Hinterland. Marie Voignier. 2009, 49 minutes.
Un énorme dôme d’acier s’élève sur l’immensité plate et vide de la campagne à 70 kilomètres de Berlin. Il abrite une île tropicale, avec sa mer, sa plage, des cocotiers et les petites cabanes pour héberger les touristes. Des touristes de tous les pays, mais surtout des allemands et des polonais. Le triomphe du tourisme moderne. Des vacances au soleil et dans la chaleur d’un été éternel pour ceux qui vivent dans le froid et le brouillard.

Marie Voignier filme ce projet titanesque de façon très simple, sans effet grandiloquent, comme s’il s’agissait d’un village de vacances comme il peut en exister un peu partout dans le monde. Des panoramiques très lents sur la végétation, des travellings avant dans les allées comme si on effectuait une simple promenade à pied ou des plans fixes sur l’étendue d’eau d’un bleu uniforme se confondant avec celui du ciel où les nuages sont immobiles, toujours à la même place. Pas de bruit, pas de cris ou d’éclats de voix, tout est fait pour le repos et la détente, ce que ces images si banales évoquent parfaitement. Elle retrace l’historique du projet grâce à des interviews des principaux responsables actuels. Du temps de la RDA, il y avait là un immense terrain d’aviation. Puis, après la chute du mur, une entreprise transforma les entrepôts en usine de fabrication de zeppelins. Un projet déjà de grande ampleur mais qui ne résista pas à une forte tempête destructrice. Puis vinrent les promoteurs touristiques et leur réalisation semble maintenant parfaitement viable économiquement. Ce dont se réjouissent les membres de la direction interrogés, ajoutant au passage l’évocation d’une philosophie d’entreprise pacifiste et d’un hédonisme quelque peu naïf.

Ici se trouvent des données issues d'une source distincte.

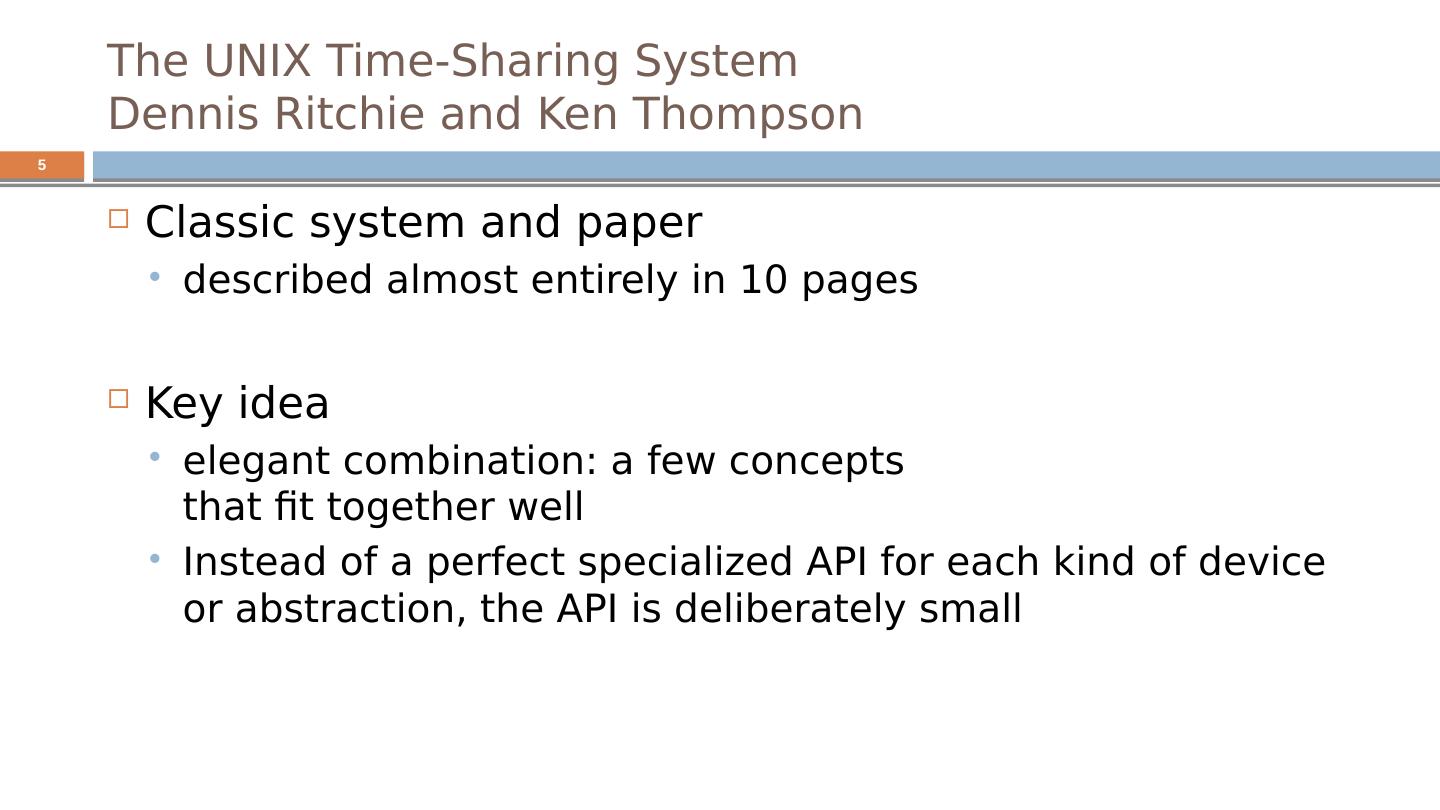 5 .The UNIX Time-Sharing System Dennis Ritchie and Ken Thompson Classic system and paper described almost entirely in 10 pages Key idea elegant combination: a few concepts that fit together well Instead of a perfect specialized API for each kind of device or abstraction, the API is deliberately small 5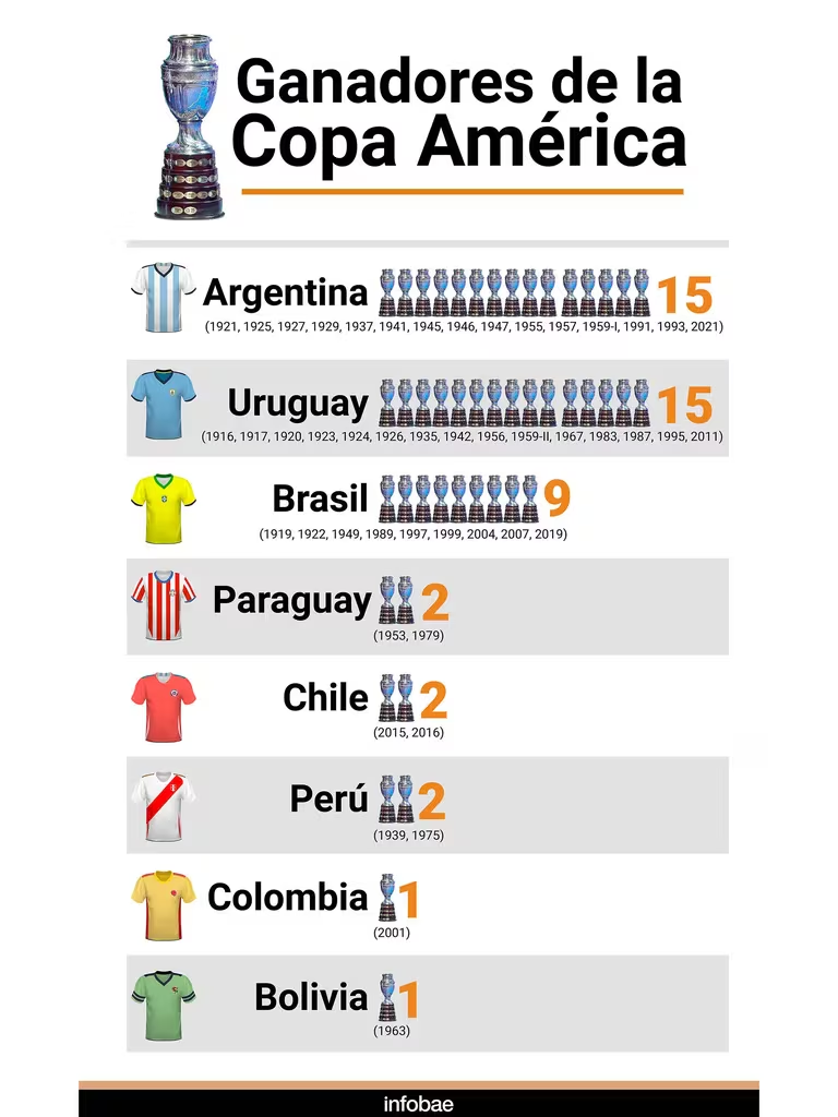 Uruguay (19): 2 Mundiales, 2 Juegos Olímpicos y 15 Copas América
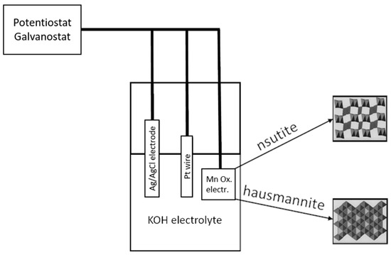 A VersaSTAT 3 Potentiostat Galvanostat (AMETEK, Inc., Berwyn, Pennsylvania, USA) and the VersaSTAT software (version 2.63.3.0) were used for the cyclic voltammetry (CV) and charge–discharge (CDC) measurements. The measurements were extracted using a three-electrode single-compartment cell, including an Ag/AgCl electrode (reference electrode), a Pt wire (counter-electrode), and the prepared materials of hausmannite and nsutite (working electrodes) at room temperature under Ar conditions (Figure 1).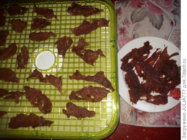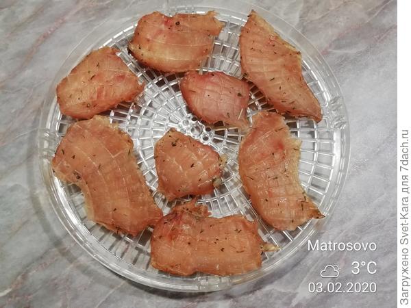 Включаем сушилку, устанавливаем температуру около 60⁰С. Вялим мясо 6-8 часов. Это зависит от выбора части туши. У меня нежная свиная вырезка, она была готова через 6 часов. За время приготовления я 3 раза поменяла местами решетки и 3 раза перевернула мясо. Готовое мясо должно хорошо гнуться, но не ломаться.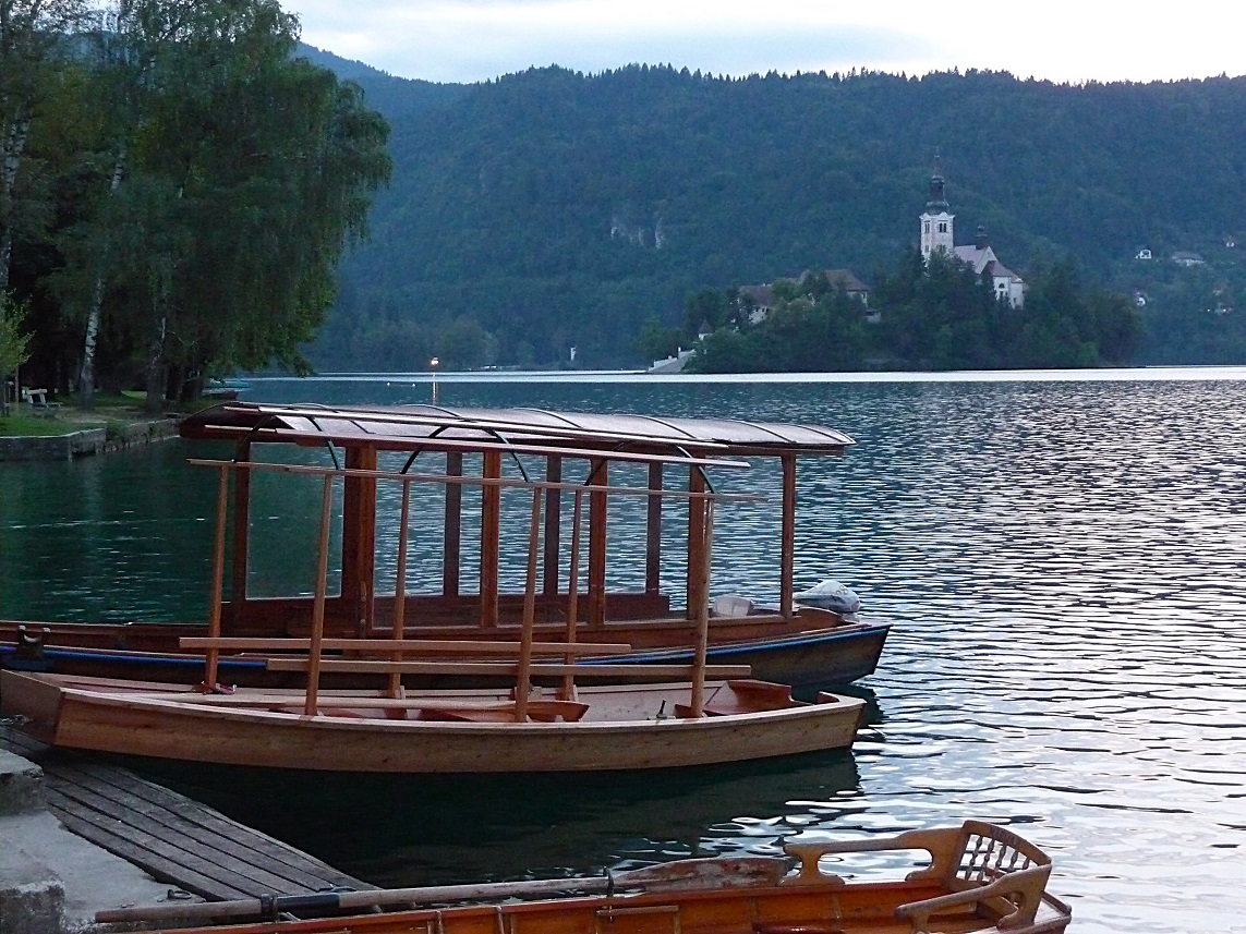 Arriba a la derecha, la famosa isla con su iglesia que está en el centro del lago, y las barcas que se alquilan para ir hasta allí. Cenamos en un restaurante con terraza a la orilla del lago, y allí mismo tomamos unas cervezas después antes de irnos a dormir.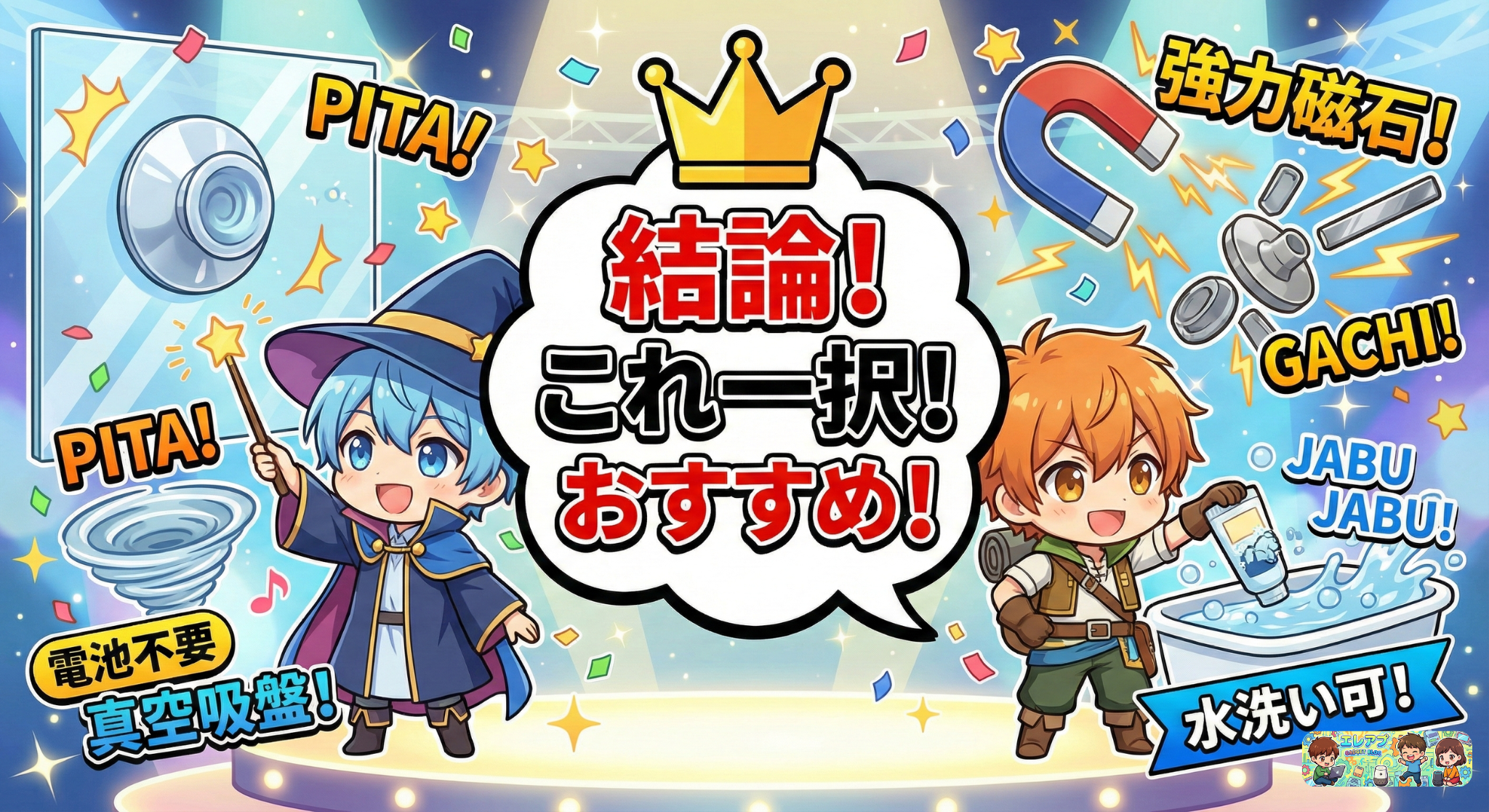【結論】真空吸盤で吸着(電池不要)+強力磁石+水洗い可がおすすめ!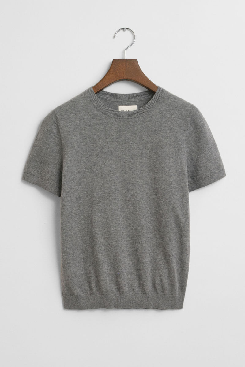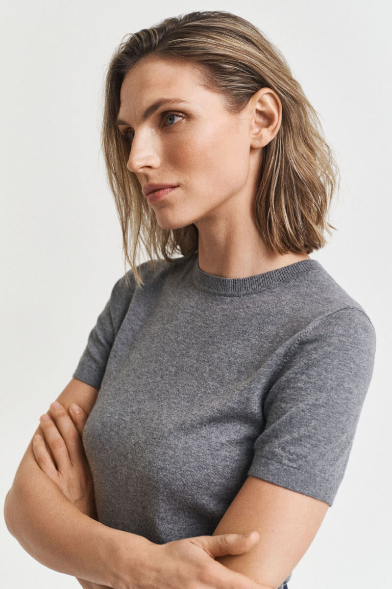 A knitted dream in grey, the slim silhouette of this cotton and cashmere top is a stylish wardrobe investment. With short sleeves and the perfect length, it elevates any look – from casual to dressed up.Thin knitted top in a soft cashmere blend with a round neckline. Slim fit, short sleeves and ribbed edges from Gant.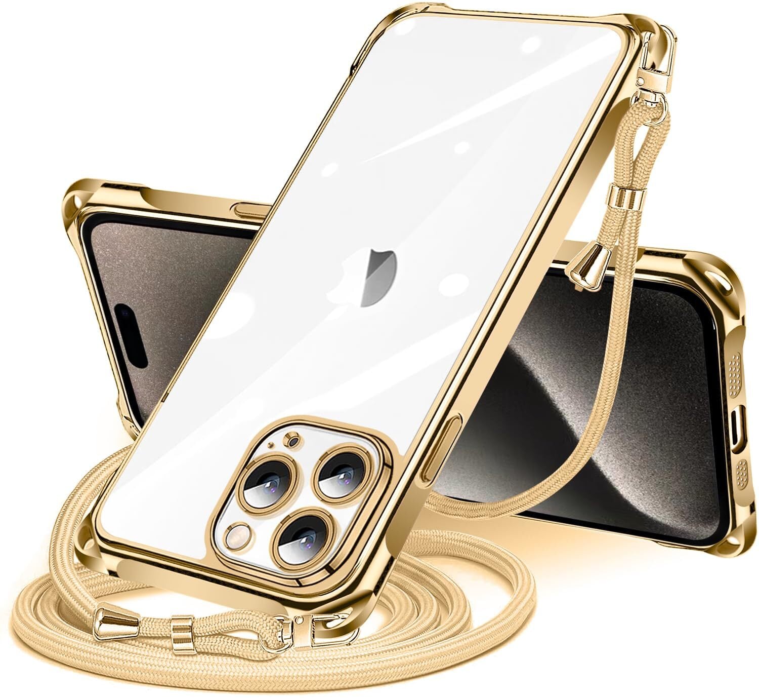 iPhone 15 Pro 用 ケース クリア ショルダー iPhone15pro 用 スマホケース アイフォン15Pro カバー 肩掛け 斜めかけ 縄掛けケース 透明 薄型 軽量 TPU 携帯ケース 紐付き 斜めがけ 織りストラップ付き ネックストラップ ショルダー ケース 縦/横 2WAY 長さ調整可能 取り外し可能 落下防止 紛失防止 ワイヤレス充電対応 (ゴールド)
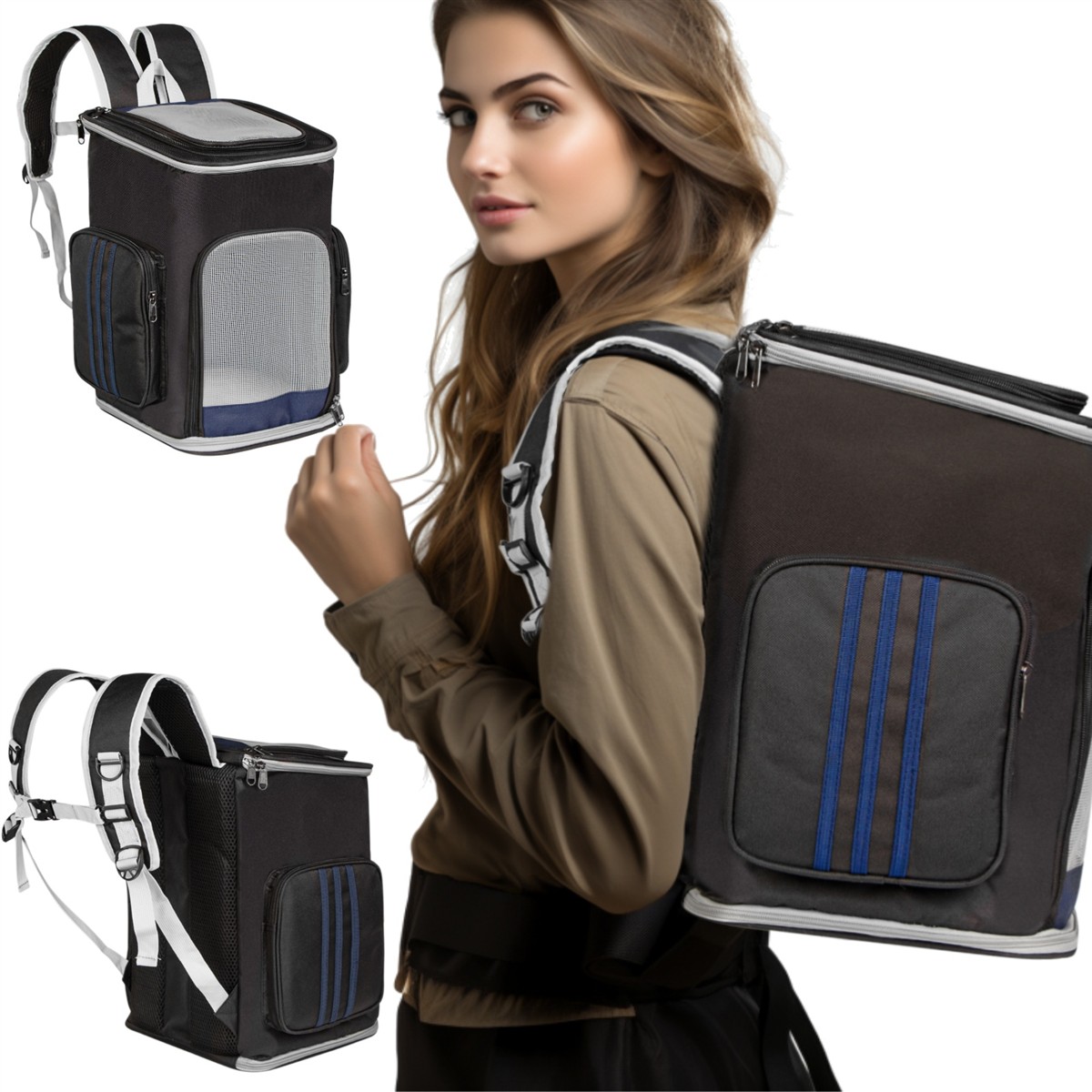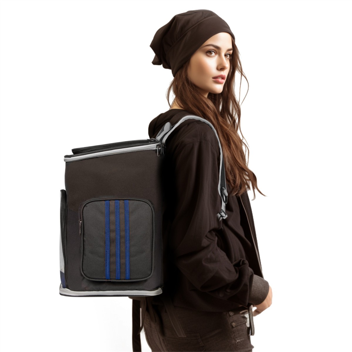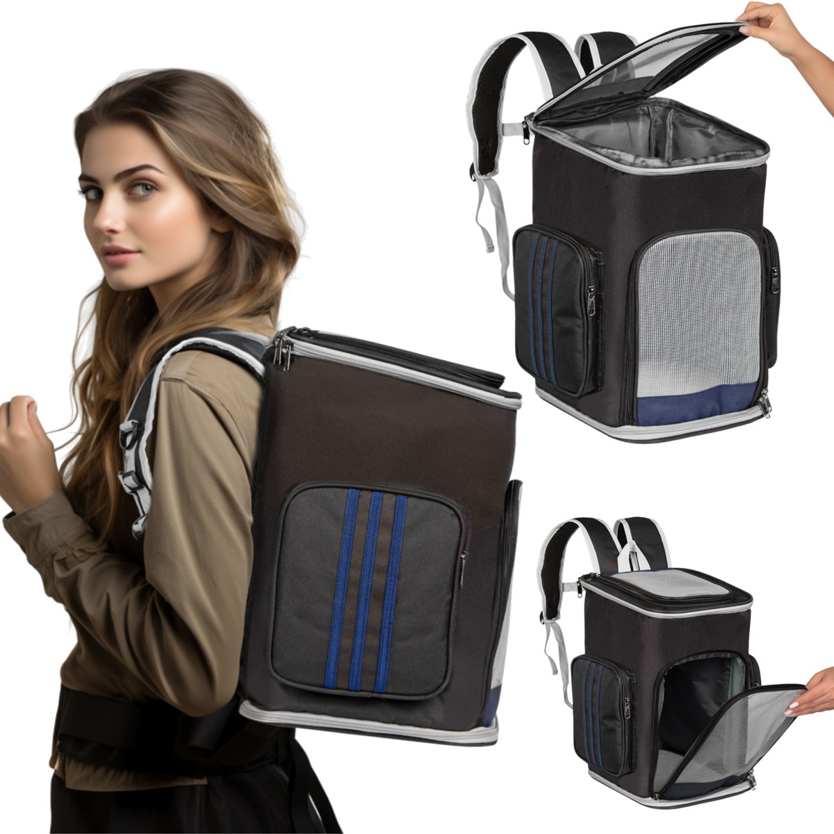 Transporter - plecak dla kota lub psa. Idealny do podróży małych i dużych oraz do wizyty u weterynarza. Duża sztywność w połączeniu z bardzo odpornym materiałem i pancernymi zamkami sprawią, że Twój kot czy pies nie będzie w stanie zniszczyć tego transportera i będzie mógł się cieszyć podróżami bez końca. Otwierana przednia klapa, kieszonki, podwójnie otwierane wieczko górne, dodatkowe wentylacje to tylko niektóre udogodnienia.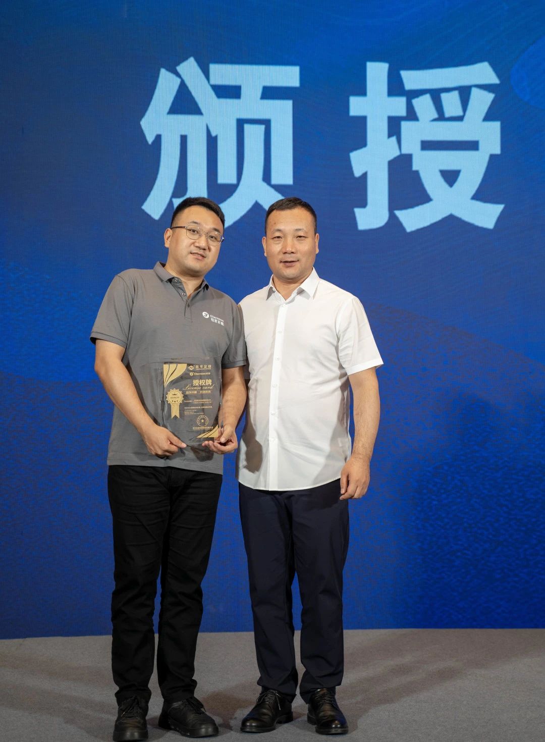 在恒新彩涂板經銷商的頒授儀式上,京華企業(yè)總經理陳鐵柱先生為新洋實業(yè)總經理齊林先生頒發(fā)授權牌,并與特邀嘉賓一同合影留念,進一步加深合作。恒新品牌的成功離不開合作伙伴的支持和努力,而頒授儀式則是向他們致以最真摯的感謝和祝福的重要時刻。

En contre-point de la douceur acidulée de Tropical Island, la cinéaste filme le village tout proche avec ses rues et son épicerie bureau de tabac qui sont restées identiques à ce qu’elles étaient avant. Deux vieilles dames, qui parlent parfois en même temps, évoquent ce changement dans leur paysage quotidien. L’île, elles y sont allées quelques fois avec leurs petits-enfants, mais pas question de s’y baigner.

Hinterland montre sur cet exemple concret les évolutions de l’Allemagne réunifiée. En dehors de l’arrivée des cars de touristes rien ne semble avoir vraiment changé pour la population. Le rêve et l’illusion d’un côté, mais de l’autre la réalité n’est pas toujours aussi réjouissante, comme le prouve l’évocation par le pasteur du village du passage à tabac de son fils par des jeunes se réclamant de l’extrême droite. L’Allemagne a encore ses vieux démons.